И она поглаживала эту огромную жестянку, словно существо из плоти и крови. Во всех этих мелких деталях нет ничего особенного. Необычное же начиналось, когда Амалия прикасалась к первой пуговице на рубахе. Еще не расстегнув ее, она бежала гасить в комнате свет. А ведь много лет светила нам керосиновая лампа. Погасить ее и вновь зажечь требовало определенных усилий. И Амалия, женщина энергичная, усиленно надувала щеки, чтобы задуть огонь лампы, словно собиралась задуть костер. Пламя, естественно, усиливалось, покрывая копотью стеклянной колпак. Чистить же стекло предстояло мне. Признаюсь, что не из-за этой заботы я пытался убедить Амалию не задувать лампу перед раздеванием.

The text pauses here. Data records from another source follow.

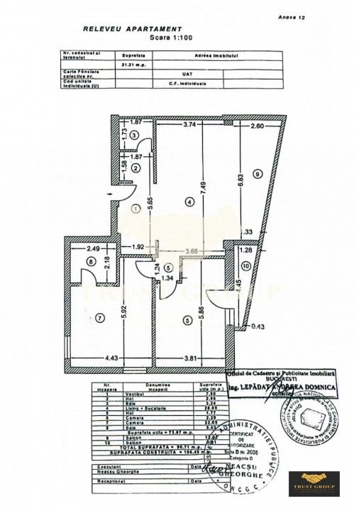 • Bloc finalizat în 2007, regim S+P+4 etaje,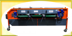 Далее, щеточный вал, с целью, очищения роликов, от накопившейся земли. Помимо того, каркас, роликовой калибровочной машины, исполнен, из толстостенной профильной трубы. Точно так же, усилен ребрами жесткости. Кроме того, очень быстрая, регулировка зазоров, между калибровочными валами.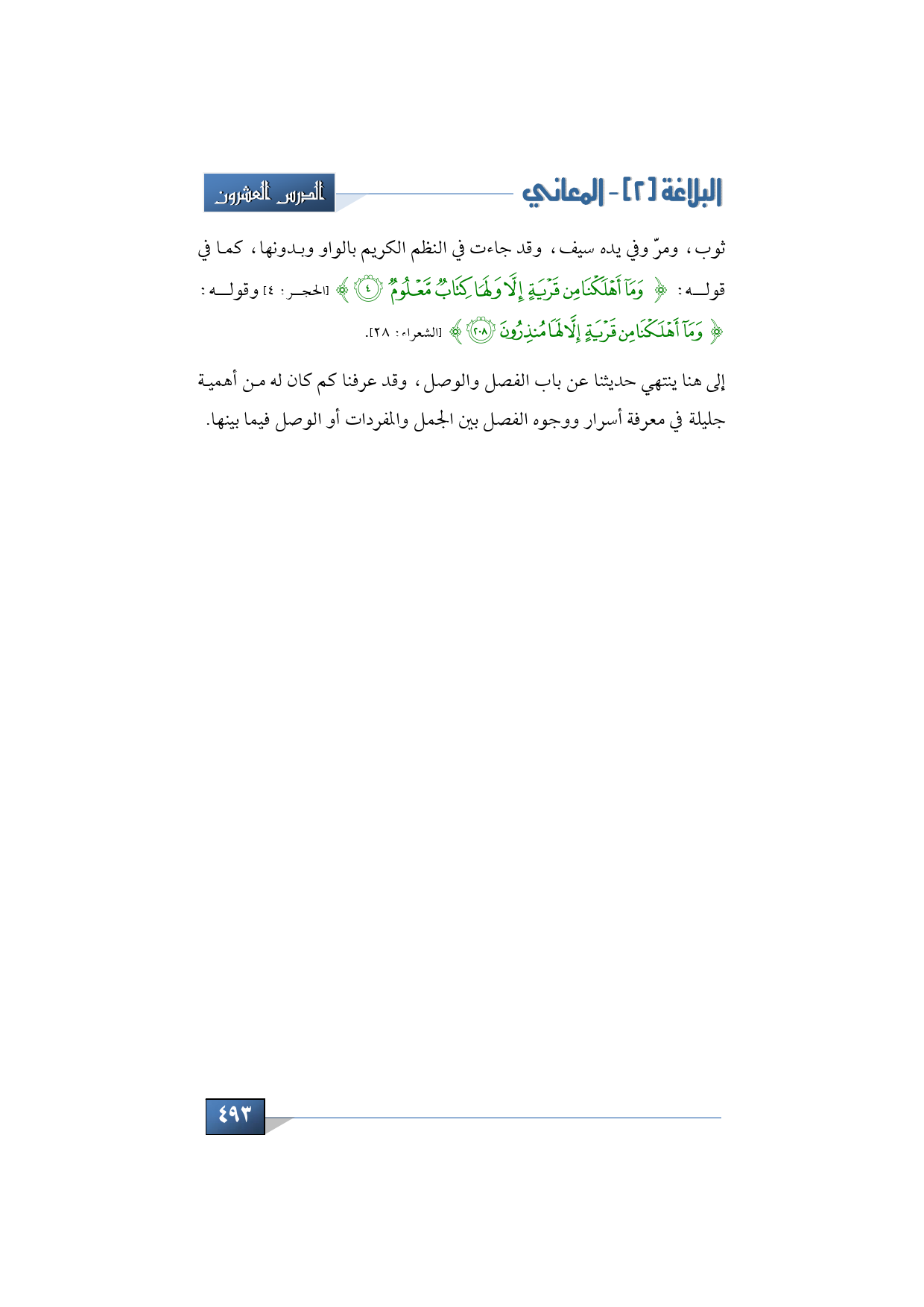 إلى هنا ينتهي حديثنا عن باب الفصل والوصل، وقد عرفنا كم كان له من أهمية جليلة في معرفة أسرار ووجوه الفصل بين الجمل والمفردات أو الوصل فيما بينها.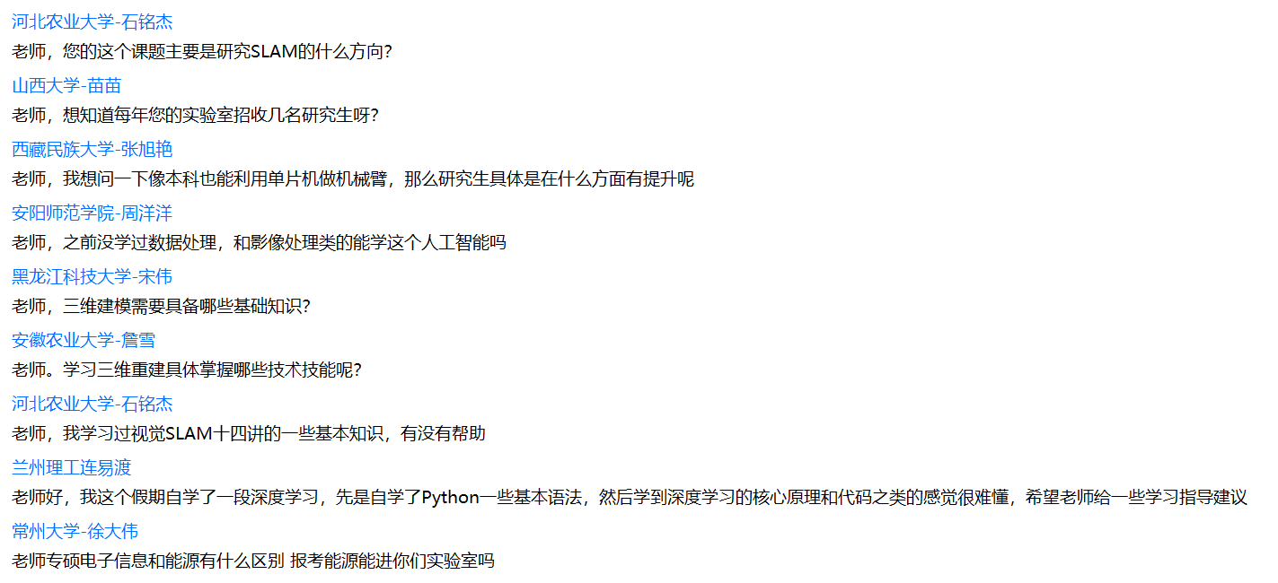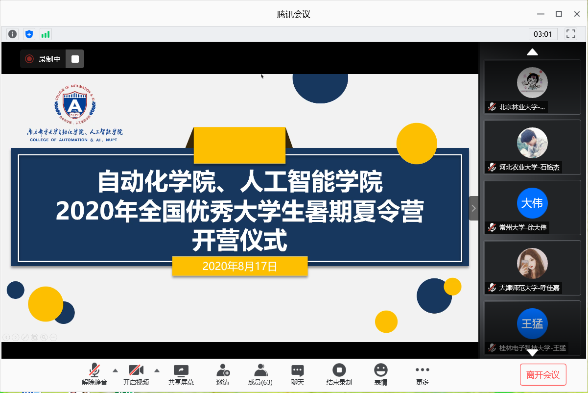 讲座结束后,张院长鼓励各位同学要勇于展现自己,希望同学们能够畅所欲言,在张院长的鼓励下,不少同学打开摄像头介绍自己,并且将自己的想法和疑惑一一道来,张院长秉持着“知无不言,言无不尽”的态度耐心地回答每位同学的困惑,气氛也在不断的交流中变得活跃起来。最后,张院长希望同学们能充分利用在夏令营中学到的知识,将两天的夏令营活动当作一个好的开始,继续向着目标前进,期待明年与同学们在南邮,在色情网站 、人工智能学院再次相聚。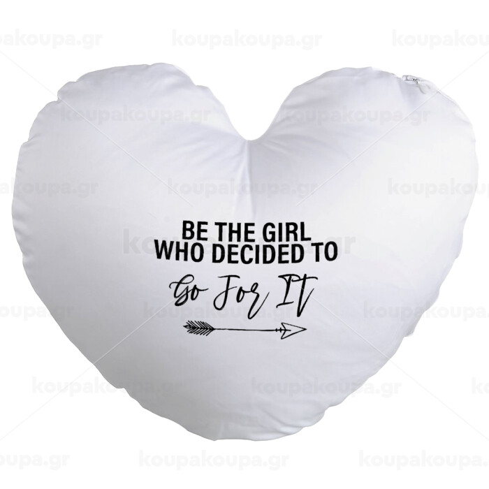 Be the girl who decided to, Μαξιλάρι καναπέ καρδιά 40x40cm περιέχεται το γέμισμα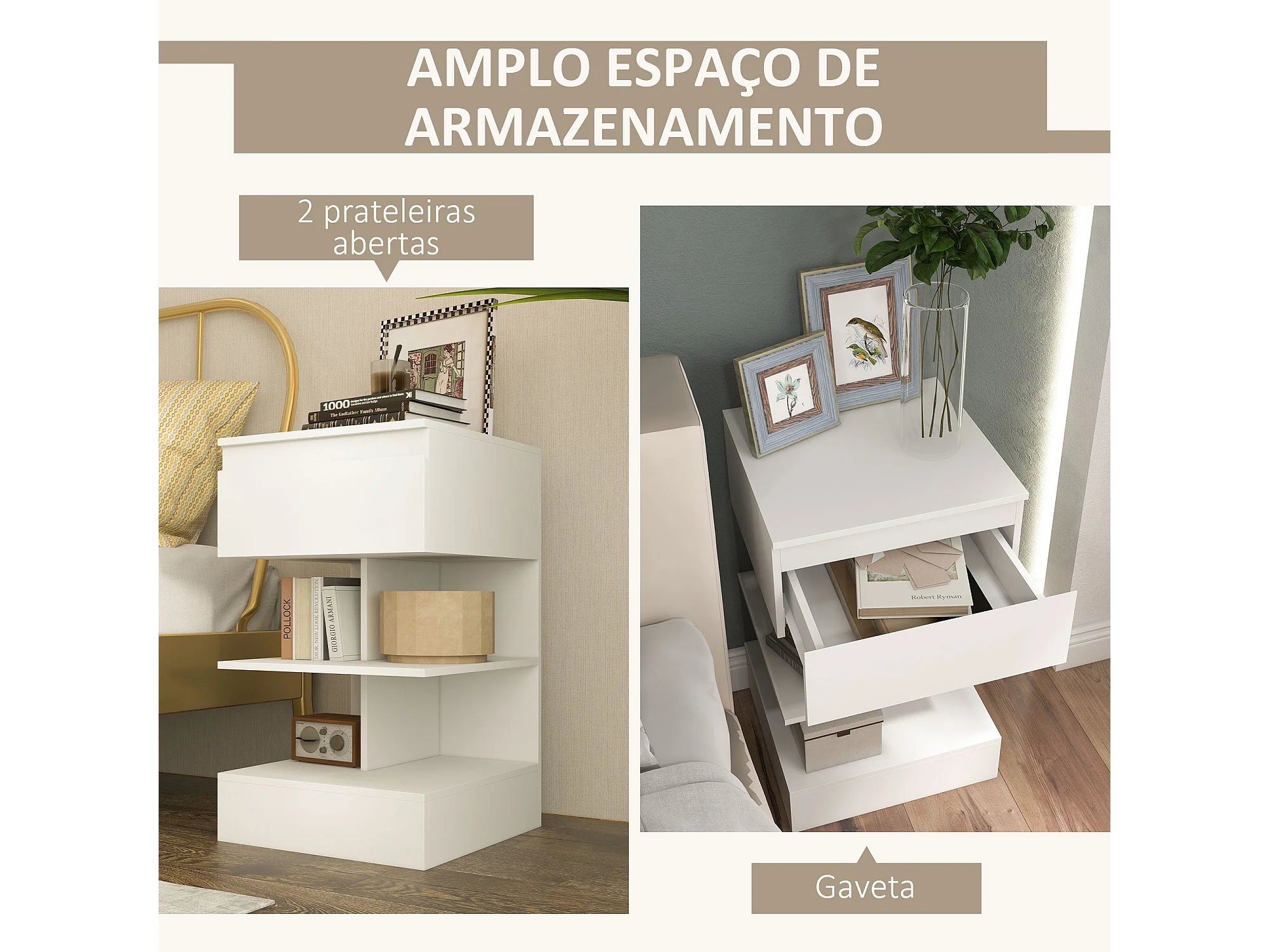 Mesita de noche Onís Homcom 1 cajón + 2 estantes blanco 65x39x39 cm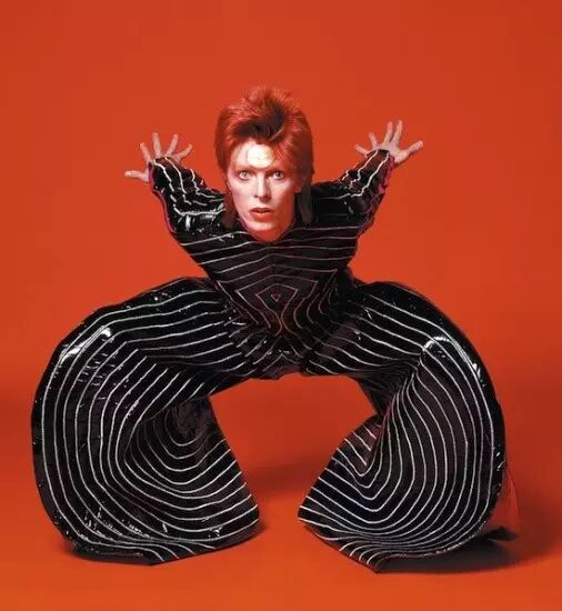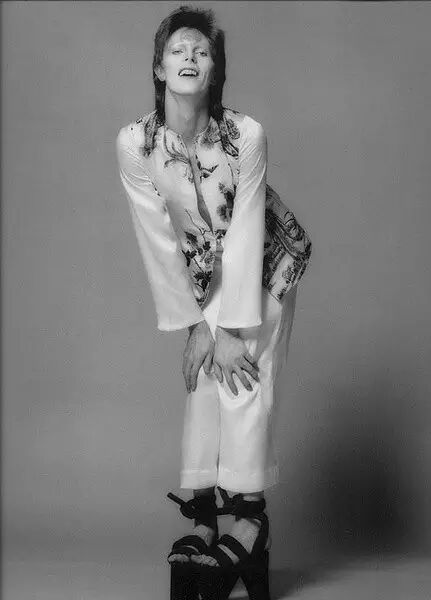当时他头顶五颜六色的爆炸头,有时会穿上华丽的裘皮大衣,有时又会赤裸上身拍摄唱片宣传照,他还尽量把打扮地很中性,剃掉自己眉毛,甚至刻意模糊掉自己男性特征。时至今日,在巴黎服装周的T台上也还能见到类似于大卫·鲍伊的造型和前卫装扮,但没有哪个麻豆能玩出他那样的范儿。

Нет. Не отрицаю, что были у меня серьезные причины просить мою жену раздеваться на моих глазах без церемонии задувания пламени лампы каждый вечер, в течение более сорока лет. Просто я полагаю, что все, что по своей природе должно быть открыто, и должно обнажаться. Но как это объяснить было Амалии? Добрая душа моей половины упряма была, как мул. Убедить ее в чем-то, что ею не принималось – дело безнадежное. А я старался, так старался, изо всех сил. Амалия не только гасила лампу, но бежала с рукой на пуговице к окну, прикрыть его занавеской, чтобы, не дай Бог, ни один лучик не упал на ее наготу, и чтобы не увидел ее даже птичий глаз. Я тем временем сидел в темноте и слышал, как шуршат одежды, спадая с ее тела. Раздевание у нее тоже имело свою церемонию. Каждую вещь она аккуратно складывала по множеству складок, платье завешивала в шкаф, и скрип дверцы каждый вечер резал по моим нервам. Затем раздавался ее голос в темноте: «Соломон, зажги свет, сдвинь занавеску, открой полностью окно!»
В отношении полного раскрытия окна Амалия была особенно решительна, ибо всегда сверх меры заботилась о здоровье. Десятки раз она была ответственной в комиссии кибуца по здравоохранению. И должность эту исполняла отлично. Накопила большие знания о болезнях, лекарствах, врачах, больницах, санаториях. Вообще обсуждение болезней было ее любимой темой. Она знала, чем болеет каждый член кибуца, и каждому давала полезные советы. И один из главных был: спать у открытого окна, весной, летом, осенью и зимой. Именно это больше всего выводило меня из себя. Во всех комнатах, где мы с ней проживали, занавески порхали на ночном ветру. Сколько раз она подтрунивала надо мной по поводу моего курения и черного кофе, и вот же, добрая и верная моя Амалия, несмотря на все свои медицинские знания, заболела раком, а меня он обошел.